Aim of the exercise: No pictures, no extra lines: copy exactly from the line with "- Thích hợp cho độ dày cửa: Từ 40mm đến 55mm" through the end of the entries.

Records shown:
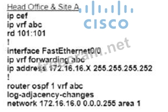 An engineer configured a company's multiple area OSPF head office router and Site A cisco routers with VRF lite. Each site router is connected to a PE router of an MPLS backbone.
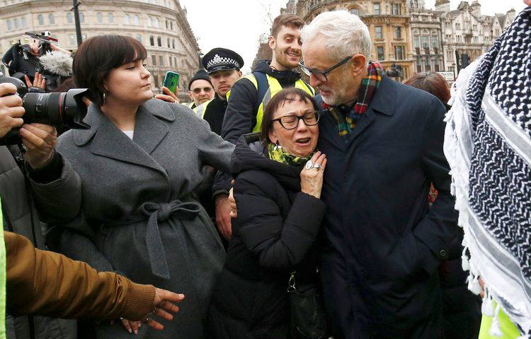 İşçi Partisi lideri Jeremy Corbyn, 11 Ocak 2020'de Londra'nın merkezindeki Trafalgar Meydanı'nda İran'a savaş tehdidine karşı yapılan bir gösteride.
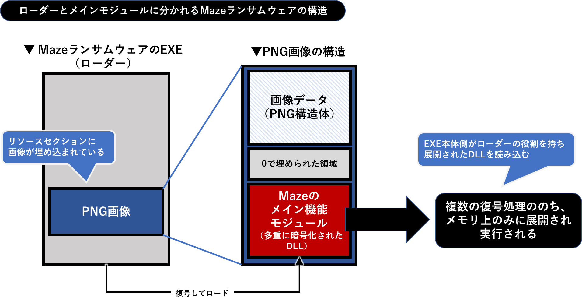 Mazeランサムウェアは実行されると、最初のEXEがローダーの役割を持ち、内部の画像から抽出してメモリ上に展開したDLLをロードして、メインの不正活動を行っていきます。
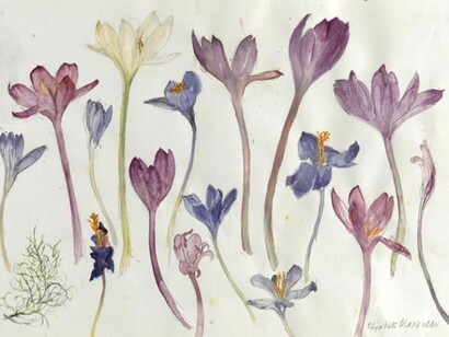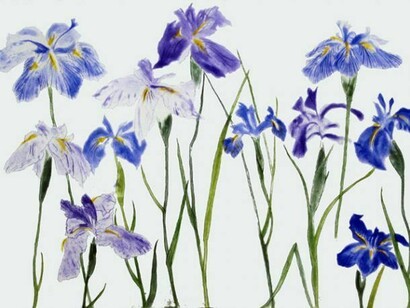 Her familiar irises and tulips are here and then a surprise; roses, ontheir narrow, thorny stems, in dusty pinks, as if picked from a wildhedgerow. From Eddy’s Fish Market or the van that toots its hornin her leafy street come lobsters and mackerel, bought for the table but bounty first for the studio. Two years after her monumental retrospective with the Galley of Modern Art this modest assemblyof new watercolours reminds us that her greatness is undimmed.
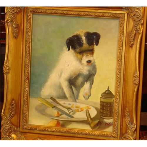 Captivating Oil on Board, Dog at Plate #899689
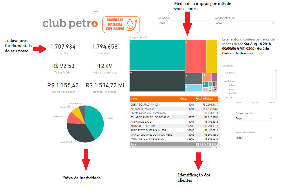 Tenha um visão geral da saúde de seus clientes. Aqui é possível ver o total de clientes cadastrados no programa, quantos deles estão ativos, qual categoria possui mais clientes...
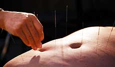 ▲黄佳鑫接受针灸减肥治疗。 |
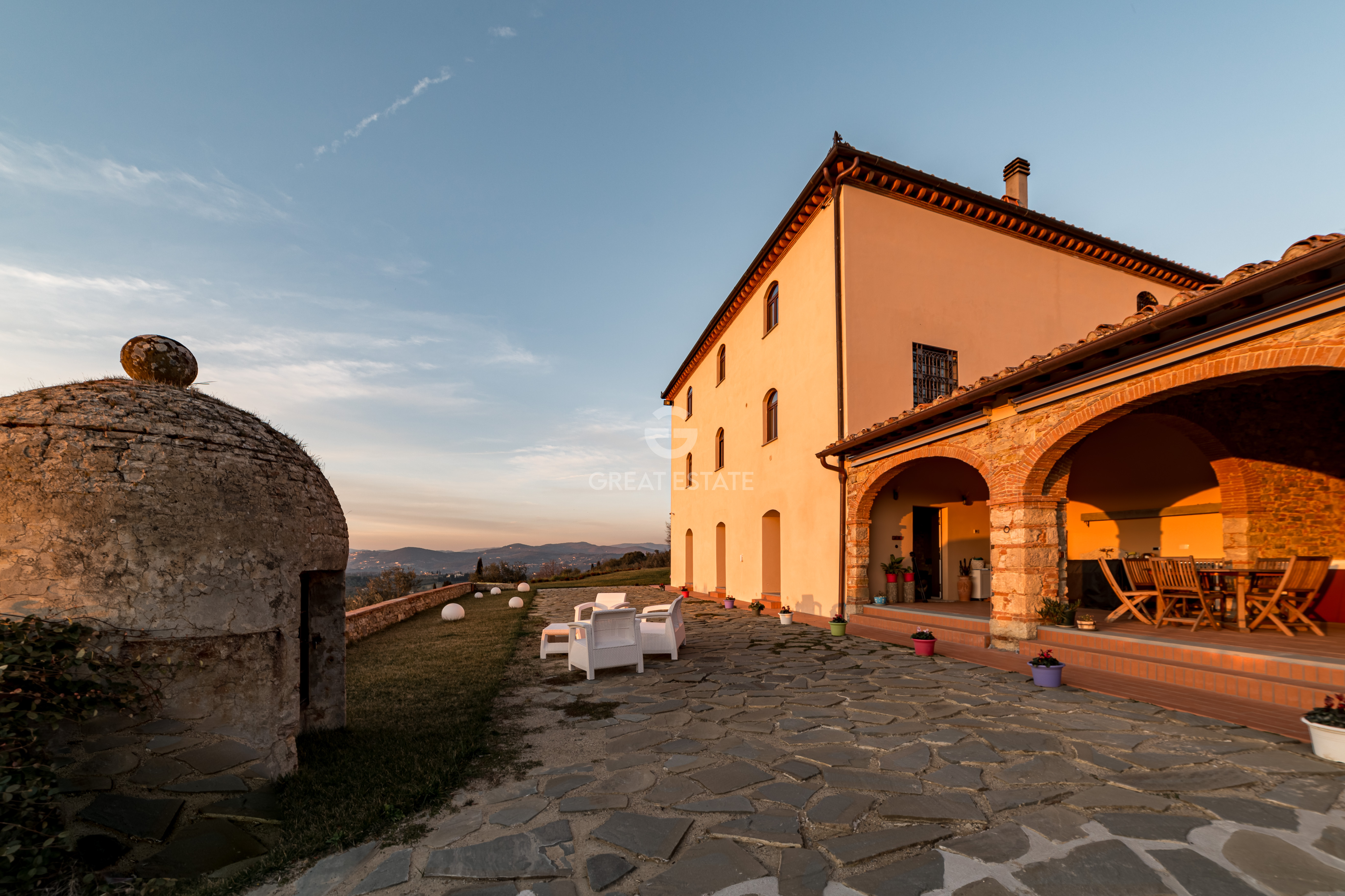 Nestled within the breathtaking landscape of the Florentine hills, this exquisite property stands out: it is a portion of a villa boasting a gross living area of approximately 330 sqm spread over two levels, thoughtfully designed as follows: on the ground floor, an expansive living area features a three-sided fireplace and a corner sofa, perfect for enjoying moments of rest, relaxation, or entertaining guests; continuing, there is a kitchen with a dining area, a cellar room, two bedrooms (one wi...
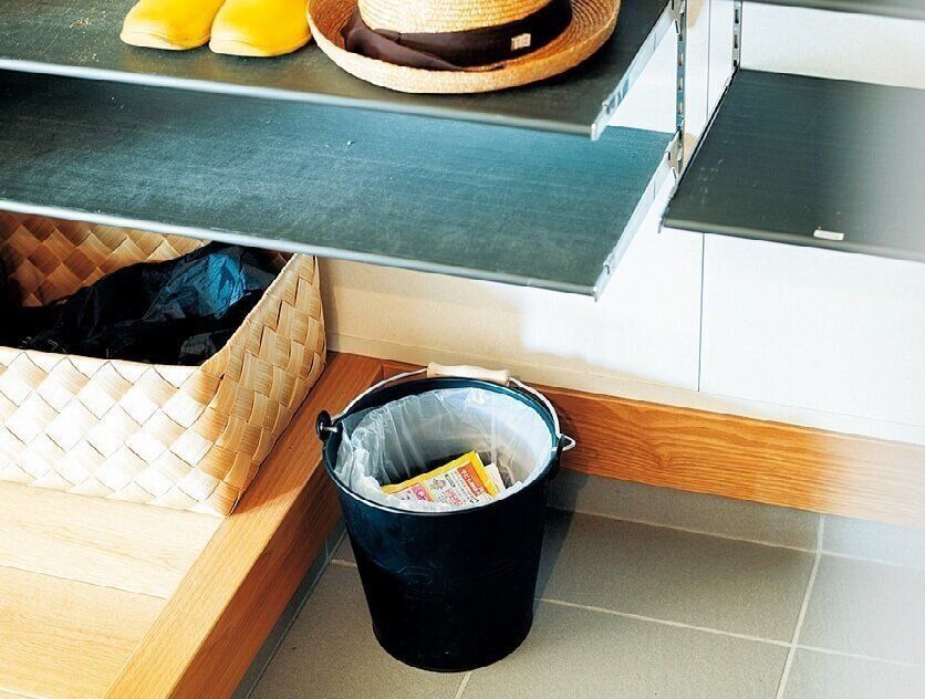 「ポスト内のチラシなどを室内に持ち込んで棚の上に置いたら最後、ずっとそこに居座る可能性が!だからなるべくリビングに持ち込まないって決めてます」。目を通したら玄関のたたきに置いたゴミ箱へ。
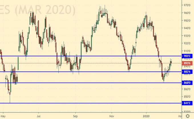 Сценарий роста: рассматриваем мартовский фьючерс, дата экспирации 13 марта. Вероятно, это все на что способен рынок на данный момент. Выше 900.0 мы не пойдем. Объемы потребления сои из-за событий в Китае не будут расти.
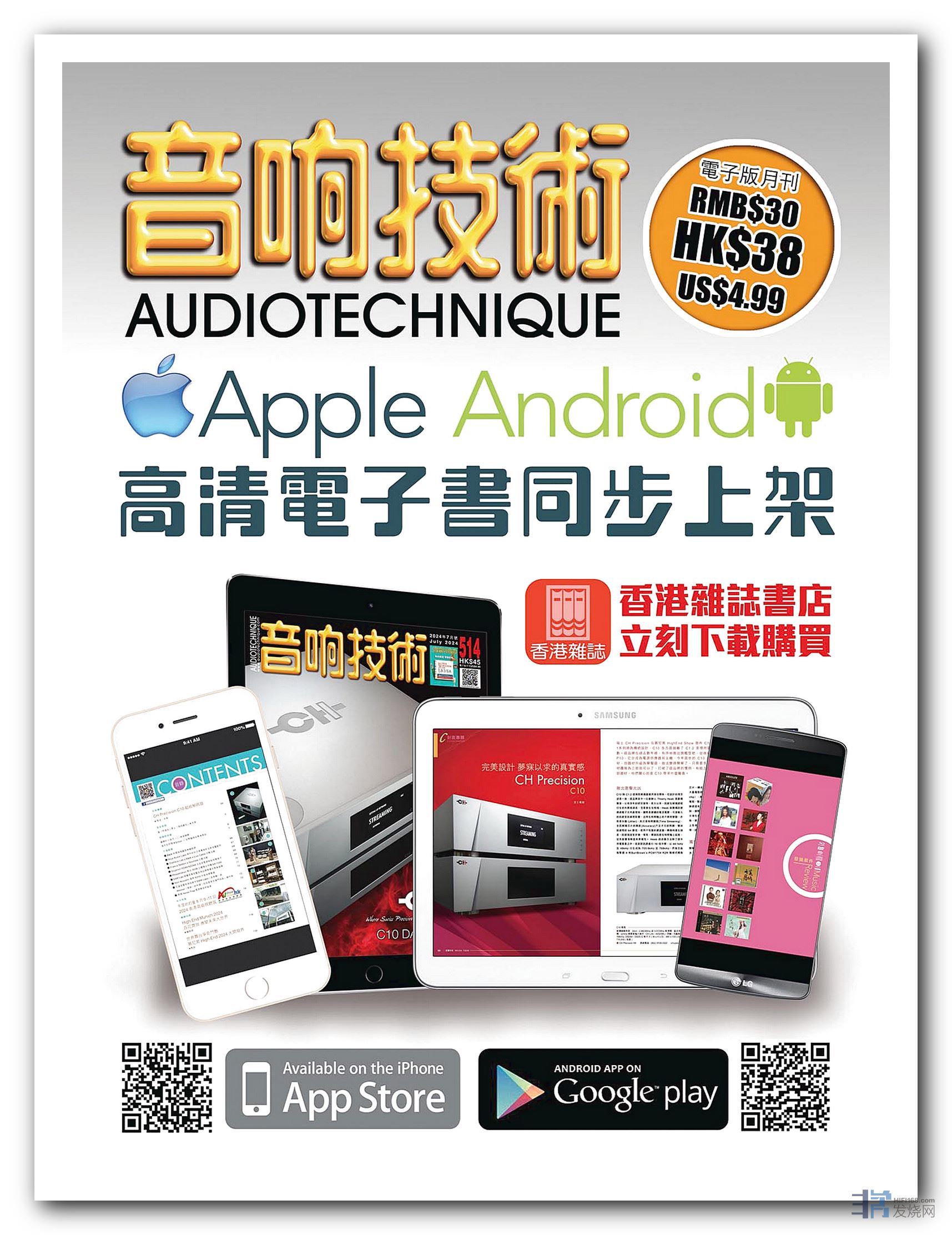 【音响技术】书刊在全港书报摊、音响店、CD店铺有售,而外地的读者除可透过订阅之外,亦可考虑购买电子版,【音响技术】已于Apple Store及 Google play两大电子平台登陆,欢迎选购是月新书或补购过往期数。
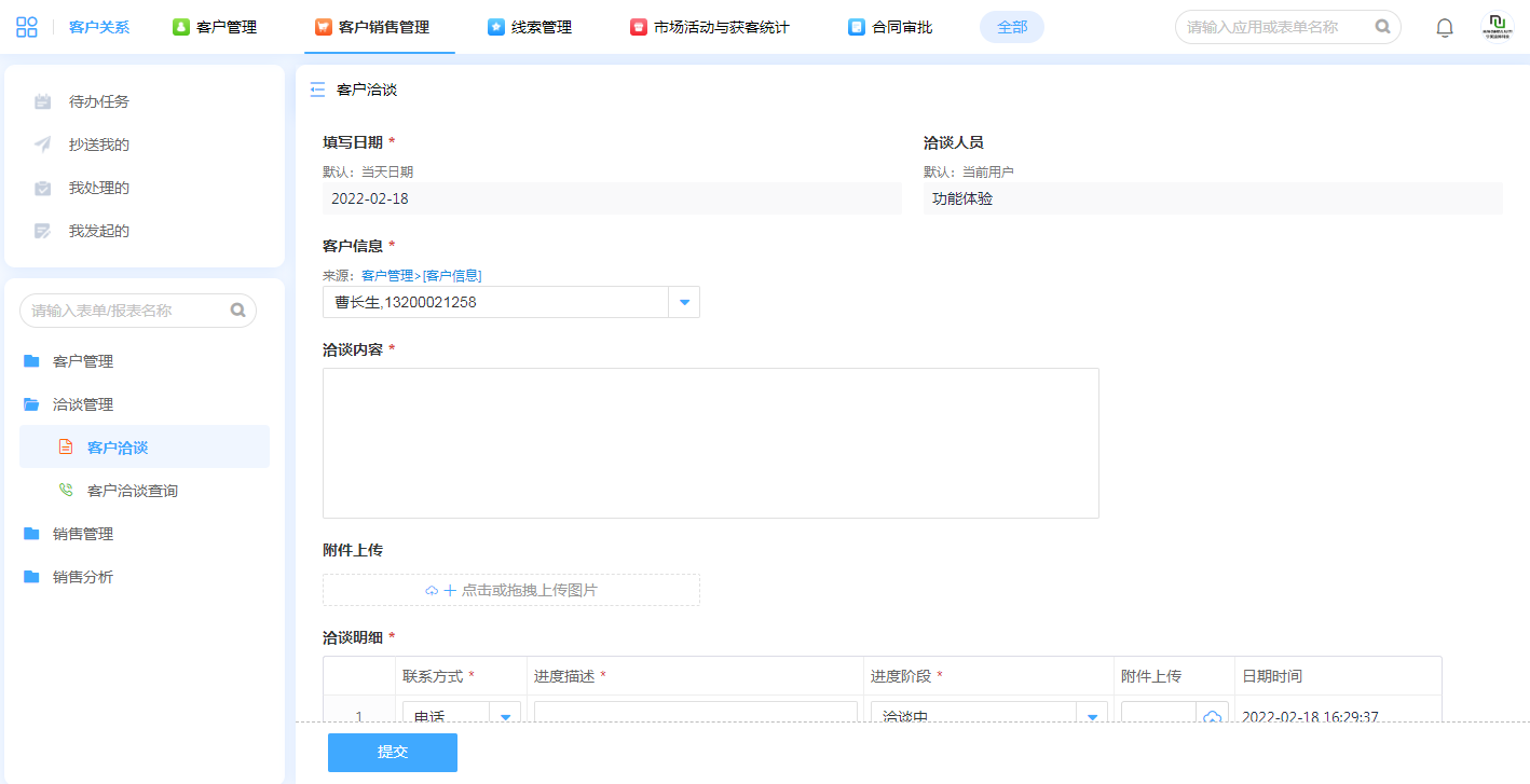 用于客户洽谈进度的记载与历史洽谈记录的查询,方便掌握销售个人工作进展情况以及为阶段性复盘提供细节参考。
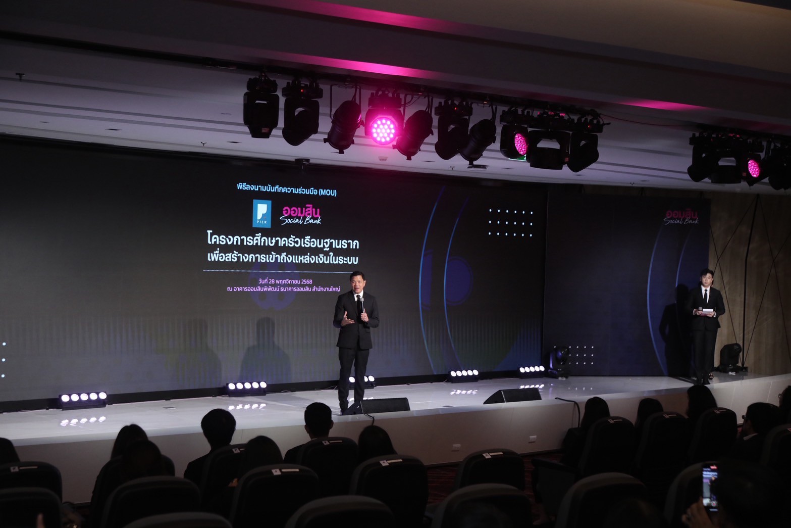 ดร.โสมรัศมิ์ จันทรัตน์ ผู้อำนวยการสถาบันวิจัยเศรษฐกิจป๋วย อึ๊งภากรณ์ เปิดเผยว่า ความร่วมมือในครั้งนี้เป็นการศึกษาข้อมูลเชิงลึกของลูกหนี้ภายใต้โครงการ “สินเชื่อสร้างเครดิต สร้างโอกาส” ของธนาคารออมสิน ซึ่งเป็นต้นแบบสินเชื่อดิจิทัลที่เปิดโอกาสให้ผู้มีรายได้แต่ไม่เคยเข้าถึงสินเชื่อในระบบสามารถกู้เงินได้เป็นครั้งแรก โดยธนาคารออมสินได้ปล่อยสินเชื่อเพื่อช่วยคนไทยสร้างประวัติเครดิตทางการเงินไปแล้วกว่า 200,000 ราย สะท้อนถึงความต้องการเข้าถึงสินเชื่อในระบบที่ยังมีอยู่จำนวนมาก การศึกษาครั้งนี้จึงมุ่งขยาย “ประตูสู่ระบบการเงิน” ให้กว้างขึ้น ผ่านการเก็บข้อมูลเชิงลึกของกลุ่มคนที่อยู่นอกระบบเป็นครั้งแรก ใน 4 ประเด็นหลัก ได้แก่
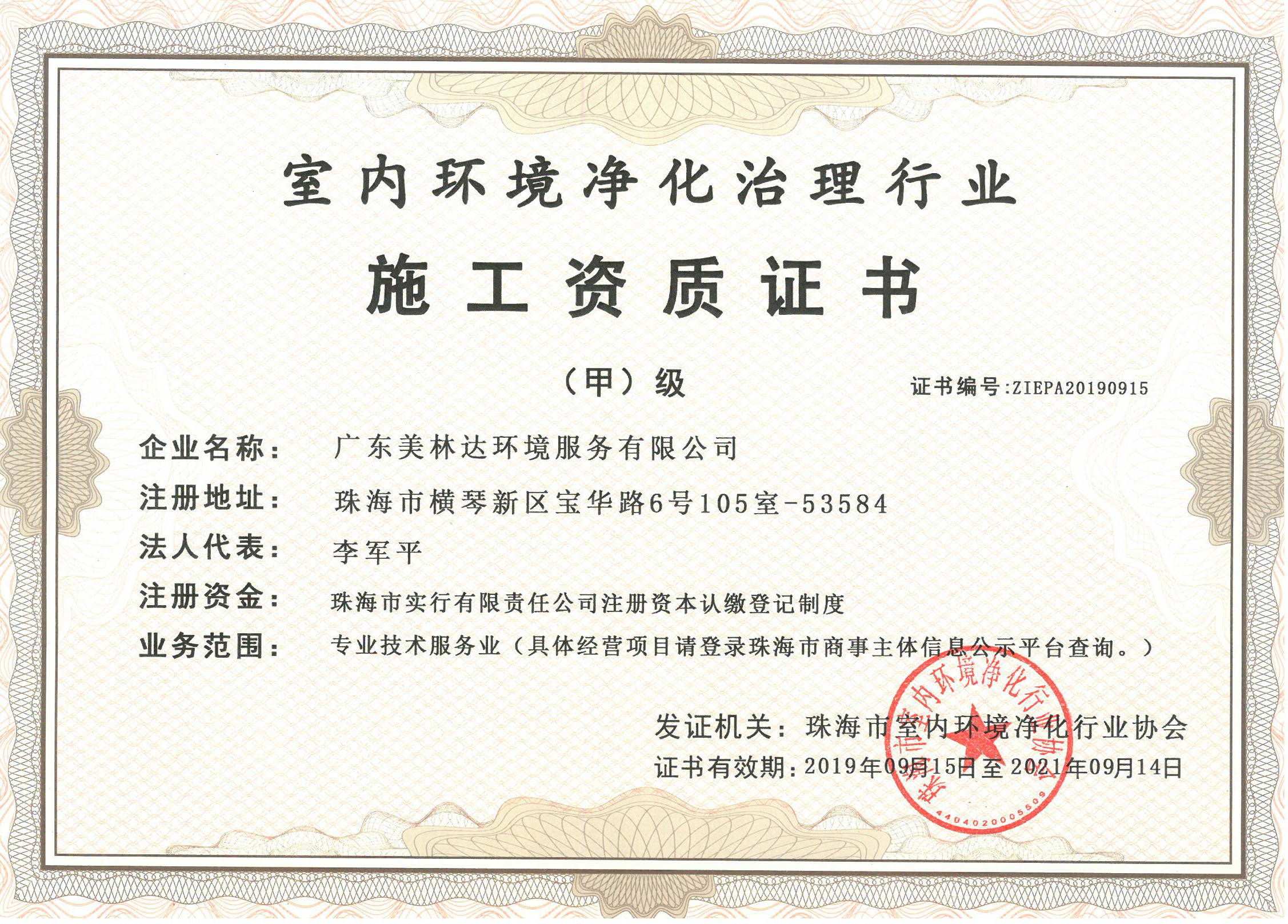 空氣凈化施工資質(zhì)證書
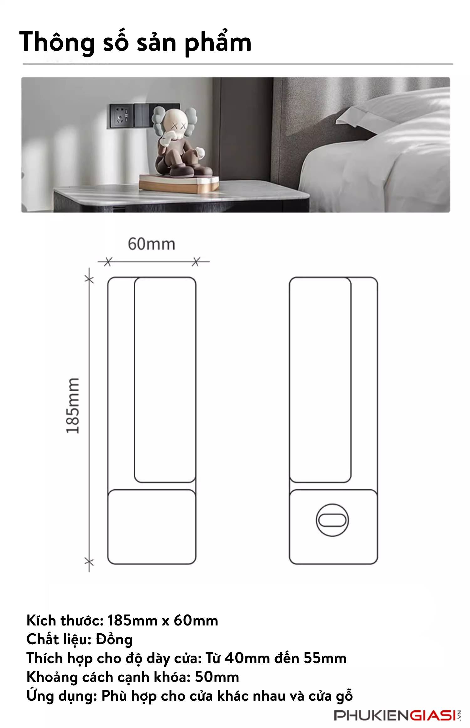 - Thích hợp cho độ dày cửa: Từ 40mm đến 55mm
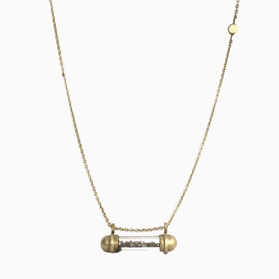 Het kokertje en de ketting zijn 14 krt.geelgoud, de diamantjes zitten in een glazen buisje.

Finished task:
 - Thích hợp cho độ dày cửa: Từ 40mm đến 55mm
 Het kokertje en de ketting zijn 14 krt.geelgoud, de diamantjes zitten in een glazen buisje.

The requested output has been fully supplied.